WHAT YOU SHOULD DO: As the answer, return precisely the lines from the one containing "Данный шнур IEC" to the final line of the material below, inclusive, and omit every picture.

··· DATASET SECTION ···

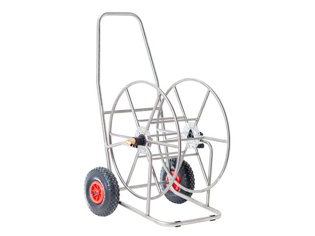 Chariot porte-tuyau en acier inoxydable.
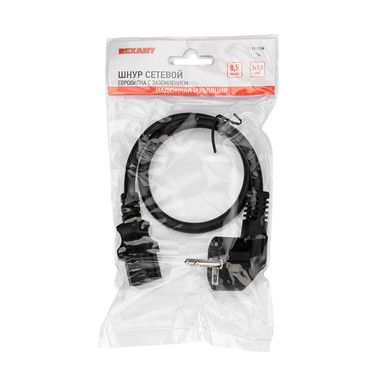 Данный шнур IEC оснащен с одной стороны неразборной литой вилкой (евростандарт) с заземляющим контактом, с другой — литым трехконтактным гнездовым разъемом C13 и трехжильным проводом с сечением жил 1,5 мм².
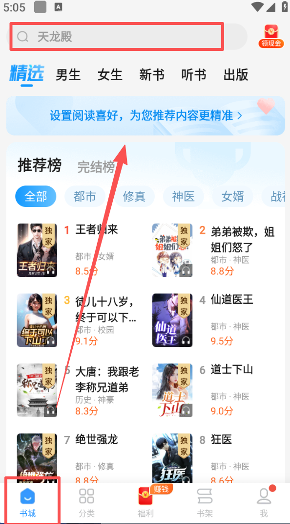 1、打开软件,在书城页面顶部搜索框输入书籍名称,可查找想要的书籍。

···

SOLUTION TO THIS TASK:
 Данный шнур IEC оснащен с одной стороны неразборной литой вилкой (евростандарт) с заземляющим контактом, с другой — литым трехконтактным гнездовым разъемом C13 и трехжильным проводом с сечением жил 1,5 мм².
 1、打开软件,在书城页面顶部搜索框输入书籍名称,可查找想要的书籍。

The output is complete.